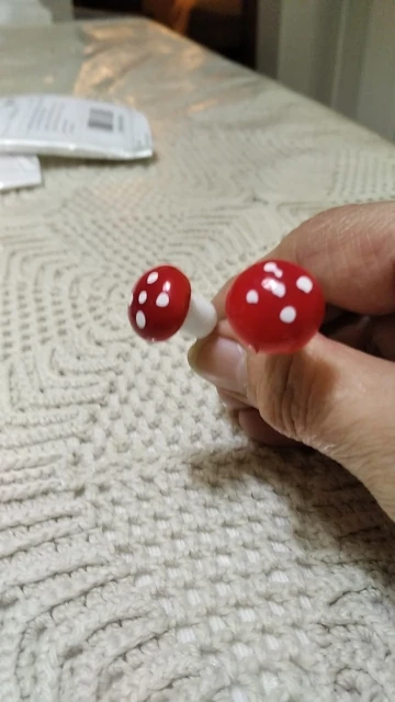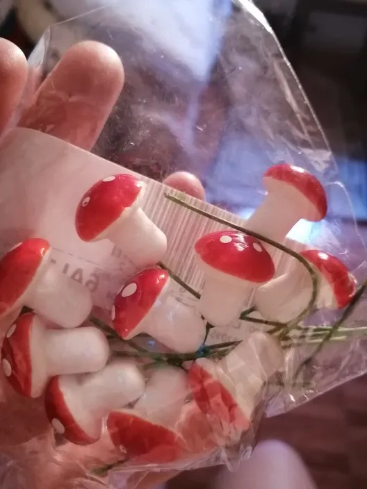 Я заказал 10 единиц (10 комплектов), но прибыл только 9 единиц. По этой причине я ставлю только 3 звезды. Некоторые грибы немного выцветают в белый горошек. Качество обычное. Я понимаю, что это очень дешевый продукт, вот почему он есть. В противном случае, мне они нравятся. Я надел их на свои растения.
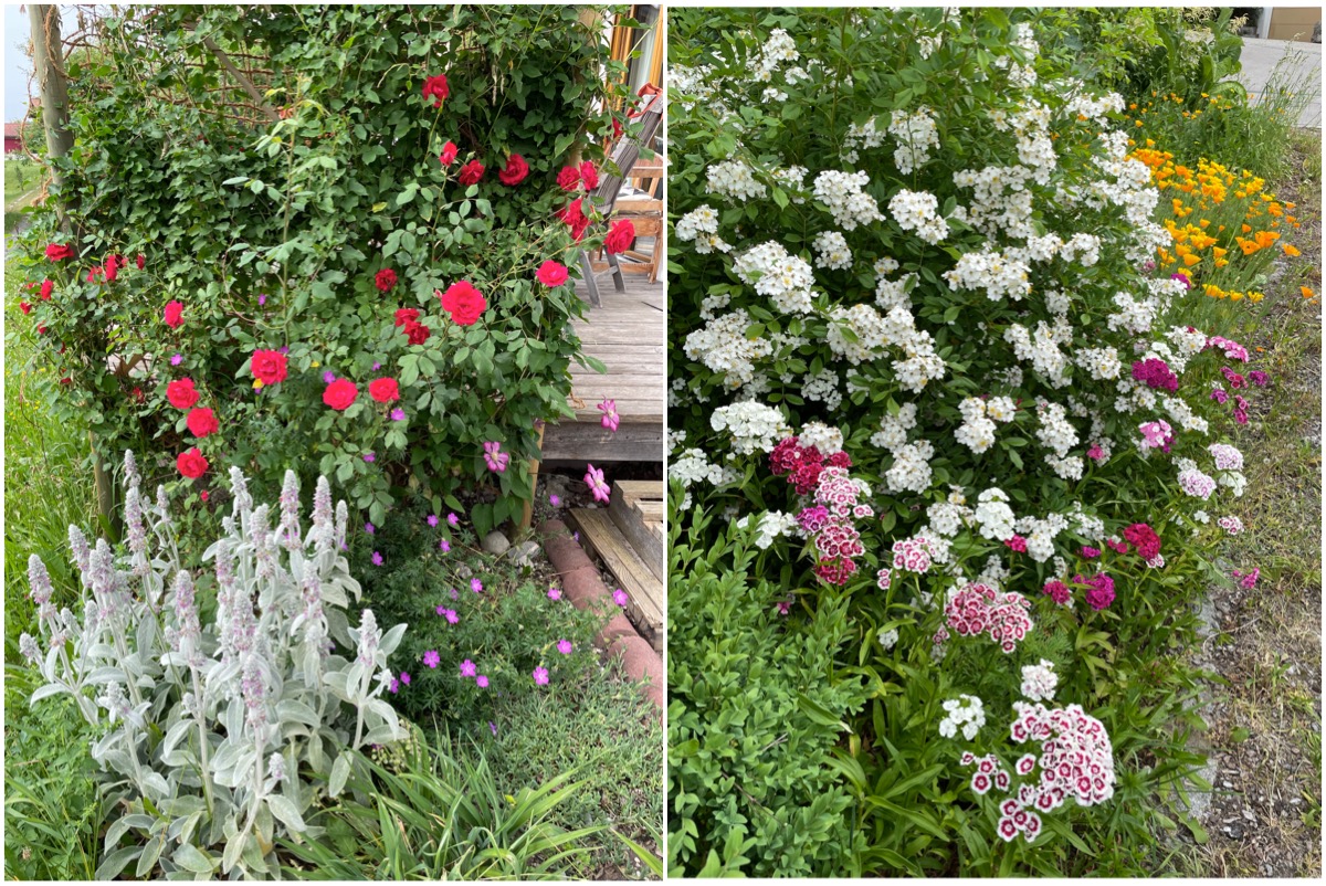 Sonntagmorgen. Der Mann ist zum Gongseminar gefahren, die Kinder kuscheln in ihren Betten und zocken zusammen. Ich sitze in Ruhe am Frühstückstisch und geniesse den kühlen Morgen. In der Waschmaschine dreht schon eine Ladung Wäsche ihre Runde. Ich war im Garten und habe mir einen Strauss Blumen ins haus geholt. So eine Fülle draussen, ich kann mich nicht sattsehen daran. Ich schreibe ein bisschen in meinem Journal, beantworte ein paar Fragen aus dem Buch “Sei reich und glücklich” von Gabriele Werstler, was ich gerade noch einmal lese. Ich habe bei Gabriele vor zwei Jahren schonmal einen Kurs mitgemacht und schaue mir die Fragen jetzt nochmal an. Auf dem Schreibtisch steht eine Kanne Gute-Laune-Kräutertee von Sonnentor, den ich im Laufe des Tages trinke.
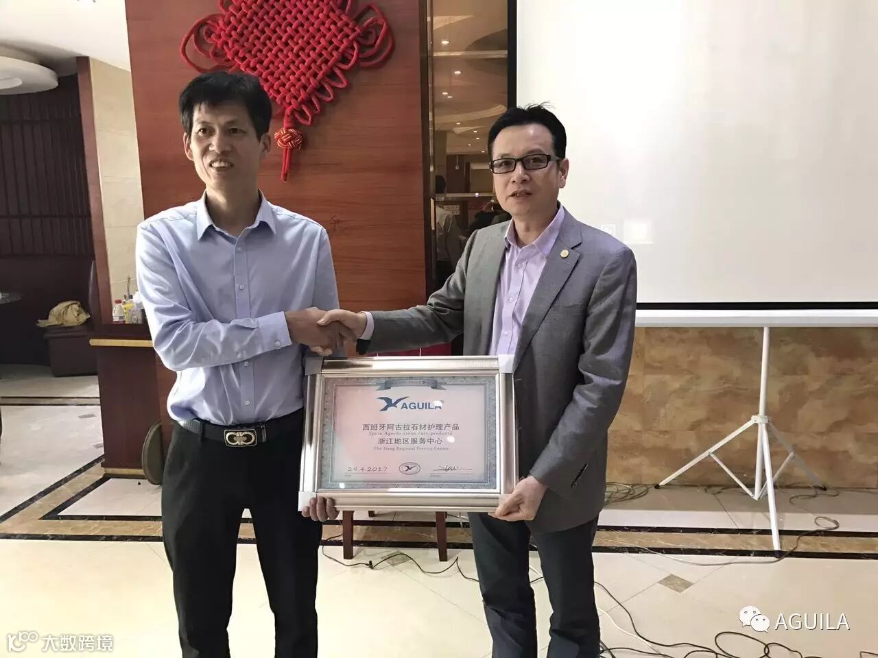 午餐过后,由西班牙阿古拉化工有限公司(大中华区)总经理陈俊杰先生向杭州宝丽洁清洗养护有限公司总经理严国尧先生进行“西班牙阿古拉石材护理产品浙江地区服务中心”授牌仪式。随着阿古拉浙江地区服务中心的成立,该地区的客户将得到更便捷、更优质的服务。
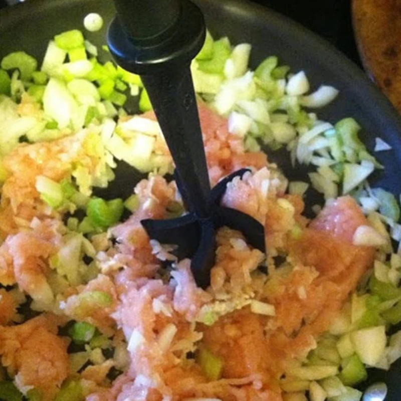Измельчитель мяса может хорошо разложить мясо, не повреждая поверхность антипригарной сковороды.
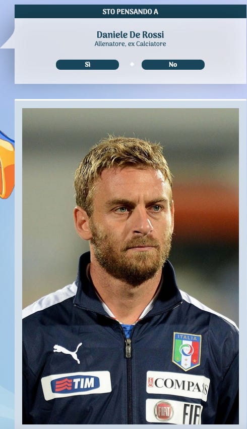 Dopo 25 domande, in cui Akinator alla fine arriva a capire che sto pensando ad un ex calciatore, mi propone un po’ a sorpresa Daniele De Rossi.
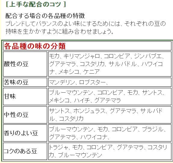 香りの甘さが軽快で酸味・コク、苦みともに軽くバランスが良い。安価でありブレンドのベースとして多く使われる。
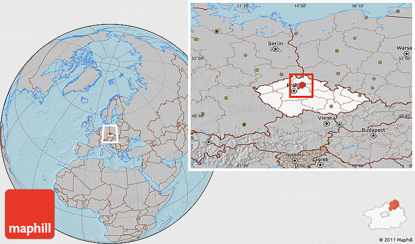 Maphill is a collection of map images. This image combines a gray map with the globe centered on Mladá Boleslav. Use the buttons under the image to switch to different map types.
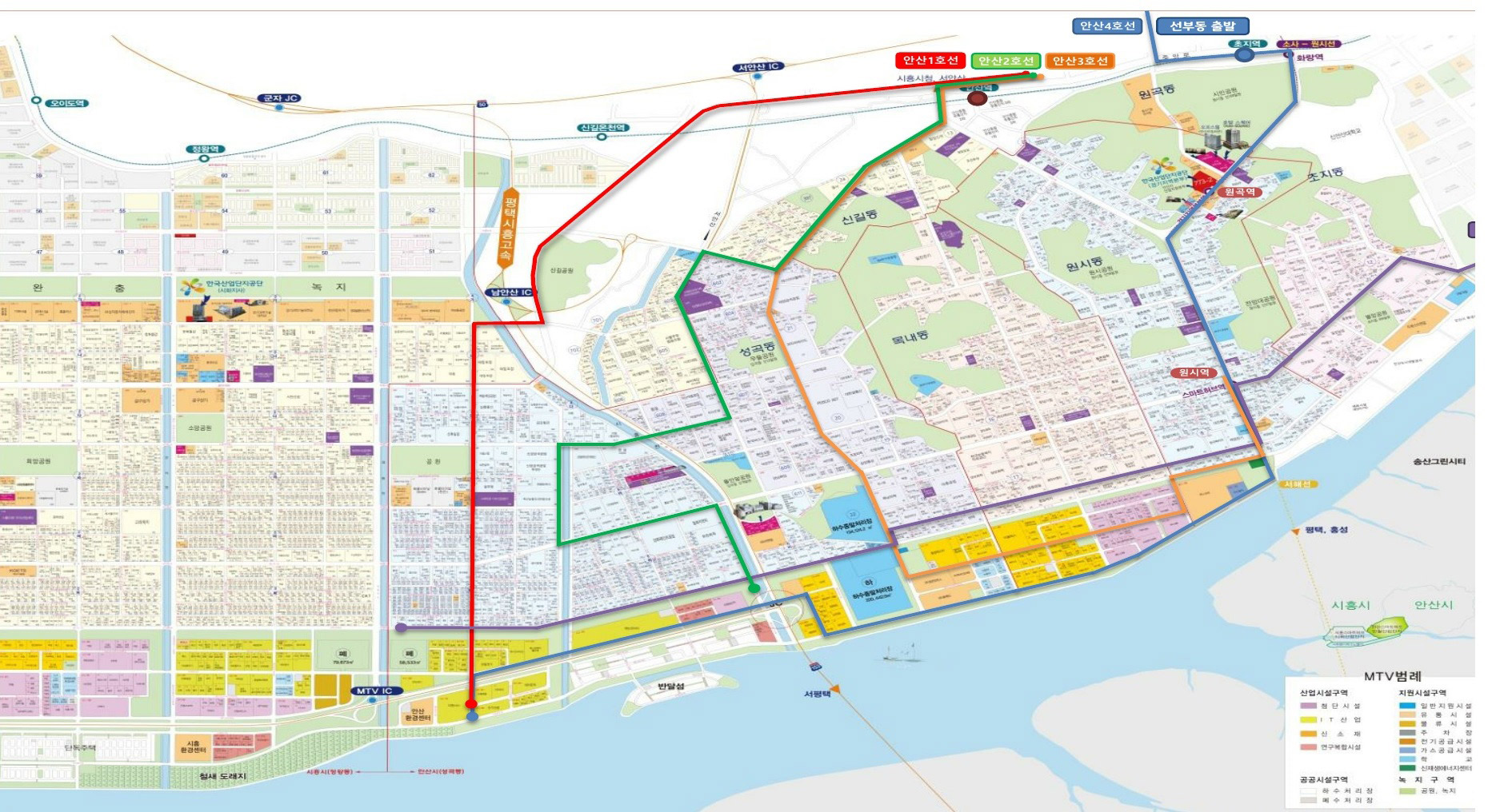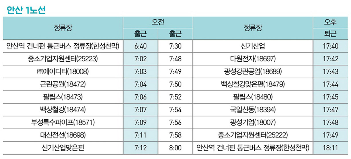 통근버스는 안산 스마트허브 구석구석과 상록수역(4호선), 안산역(4호선·수인선), 초지역(4호선·수인선·서해선), 원시역·원곡역(서해선) 등 관내 주요 전철역을 잇는 5개 노선(출근 9회·퇴근 8회)으로 운영됩니다.
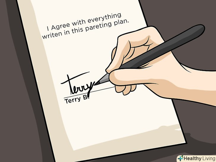 Підпишіть угоду.підписання Угоди про порядок спілкування та виховання демонструє, що ви обидва зобов'язуєтеся дотримуватися угоди, до якої Ви прийшли. Навіть, якщо ви не заповнюєте документ для суду, наявність підписів обох сторін не зашкодить.- Якщо потрібна реєстрація вашої угоди про порядок виховання в суді, то обидві підписи на документі повинні бути нотаріально завірені.[24]
========================
● **Directions**
All lines above from the one containing "Измельчитель мяса может" up to and including the one containing "Maphill is a" are to be set down exactly, and nothing else. Leave images out.

● **Solution**
Измельчитель мяса может хорошо разложить мясо, не повреждая поверхность антипригарной сковороды.
 Dopo 25 domande, in cui Akinator alla fine arriva a capire che sto pensando ad un ex calciatore, mi propone un po’ a sorpresa Daniele De Rossi.
 香りの甘さが軽快で酸味・コク、苦みともに軽くバランスが良い。安価でありブレンドのベースとして多く使われる。
 Maphill is a collection of map images. This image combines a gray map with the globe centered on Mladá Boleslav. Use the buttons under the image to switch to different map types.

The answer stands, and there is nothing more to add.